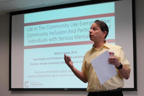 By way of invitation by Alliance Health, Mark Salzer, Ph.D. and Bryan McCormick, Ph.D. from the Temple University Collaborative on Community Inclusion, joined by our very own Lorna Moser, Ph.D., led a workshop with assertive community treatment (ACT) and transition management services (TMS) teams. Agency leadership and staff convened to discuss the importance of and ways to best support people in meaningful community participation.
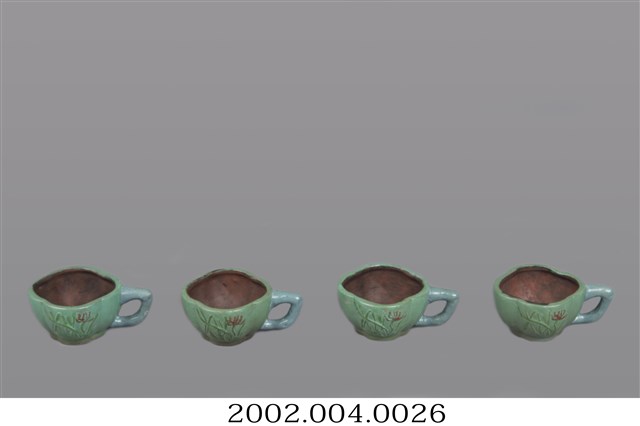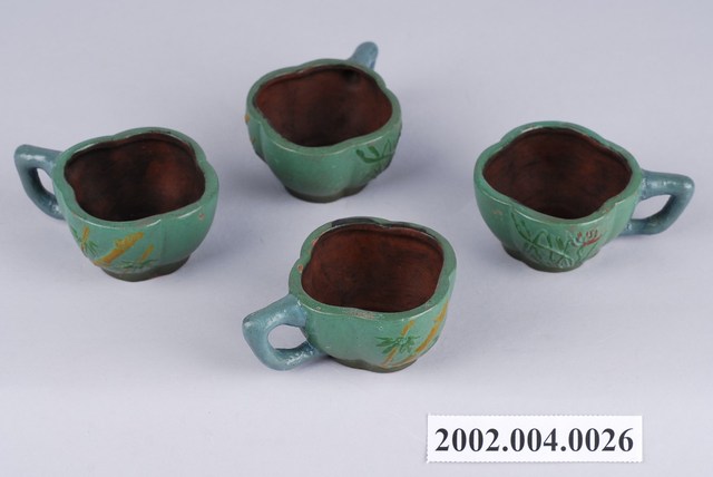 1.本件文物組含一組四件造型相同的陶製小茶杯,茶杯為四瓣葵口造型,有圈足,杯身厚實,一側有環型把手,做為造型點缀,亦有防燙手之作用。杯子內壁呈現陶土原色,外壁則佈綠釉,杯腹上浮雕彩繪花草竹紋作為紋飾,相當樸質可愛。2.1960~70年代由於臺灣經濟好轉,以及政府提倡飲茶,茶藝在臺灣開始蔚為風尚,清代流行於閩粵之間的小茶壺搭配小茶杯組,因茶藝流行而被大眾普遍使用。鶯歌早期只生產較粗糙供農人使用的大型茶壺,當茶藝盛行後,鶯歌窯業業者才紛紛投入製造小型茶具組的行列。
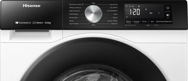 - Allergy Care, Big LED Display, Verrouillage enfant, Application ConnectLife, Nettoyage du tambour, Durable Inverter, Favourite, Half load, Hygiene Guard, Moteur à onduleur, Jet Wash, Pause & Add, PureJet, Lavage rapide, Quick Wash (15min), Self-Diagnostic, Smart Assist, Smart Link, Vapeur
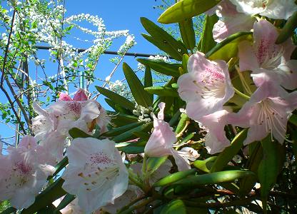 庭の花たちがどんどん開き、そんなに一時に早く咲いてしまわないで、と言いたくなります。忙しい日々を過ごしているうちに、石楠花がまだツボミもありますが、黄色くなって、散ろうとしているのもあるのに気付きました。あら、大変。 ブログに登場させてあげなくては。西洋しゃくなげとちょっと違い、優しい色合いで、ふあっと咲いています。今日は風がつよく、ふわふわと揺れてなかなかうまく撮れません。 石楠花の向こうに咲いているのは、しじみ花。雪柳の散り始めるころ、選手交代のように、咲きはじめます。葉っぱはとても雪柳に似ています。丈高く、しだれるように咲き、とても可愛い花です。花がしじみの身に似ているので(確かに)、ついた名前のようですが、いかにも可哀そうで、前から気にいりませんでした。友人が、園芸店で「ブライダル・リース」という名前で売っていたと言います。調べたら、英名だそうで、急に格上げされたような名前です。

━━━━━━━━━━

Pictures are not part of the copy. Reproduce the lines from the one with "1.本件文物組含一組四件造型" through the end of the listing above.

 1.本件文物組含一組四件造型相同的陶製小茶杯,茶杯為四瓣葵口造型,有圈足,杯身厚實,一側有環型把手,做為造型點缀,亦有防燙手之作用。杯子內壁呈現陶土原色,外壁則佈綠釉,杯腹上浮雕彩繪花草竹紋作為紋飾,相當樸質可愛。2.1960~70年代由於臺灣經濟好轉,以及政府提倡飲茶,茶藝在臺灣開始蔚為風尚,清代流行於閩粵之間的小茶壺搭配小茶杯組,因茶藝流行而被大眾普遍使用。鶯歌早期只生產較粗糙供農人使用的大型茶壺,當茶藝盛行後,鶯歌窯業業者才紛紛投入製造小型茶具組的行列。
 - Allergy Care, Big LED Display, Verrouillage enfant, Application ConnectLife, Nettoyage du tambour, Durable Inverter, Favourite, Half load, Hygiene Guard, Moteur à onduleur, Jet Wash, Pause & Add, PureJet, Lavage rapide, Quick Wash (15min), Self-Diagnostic, Smart Assist, Smart Link, Vapeur
 庭の花たちがどんどん開き、そんなに一時に早く咲いてしまわないで、と言いたくなります。忙しい日々を過ごしているうちに、石楠花がまだツボミもありますが、黄色くなって、散ろうとしているのもあるのに気付きました。あら、大変。 ブログに登場させてあげなくては。西洋しゃくなげとちょっと違い、優しい色合いで、ふあっと咲いています。今日は風がつよく、ふわふわと揺れてなかなかうまく撮れません。 石楠花の向こうに咲いているのは、しじみ花。雪柳の散り始めるころ、選手交代のように、咲きはじめます。葉っぱはとても雪柳に似ています。丈高く、しだれるように咲き、とても可愛い花です。花がしじみの身に似ているので(確かに)、ついた名前のようですが、いかにも可哀そうで、前から気にいりませんでした。友人が、園芸店で「ブライダル・リース」という名前で売っていたと言います。調べたら、英名だそうで、急に格上げされたような名前です。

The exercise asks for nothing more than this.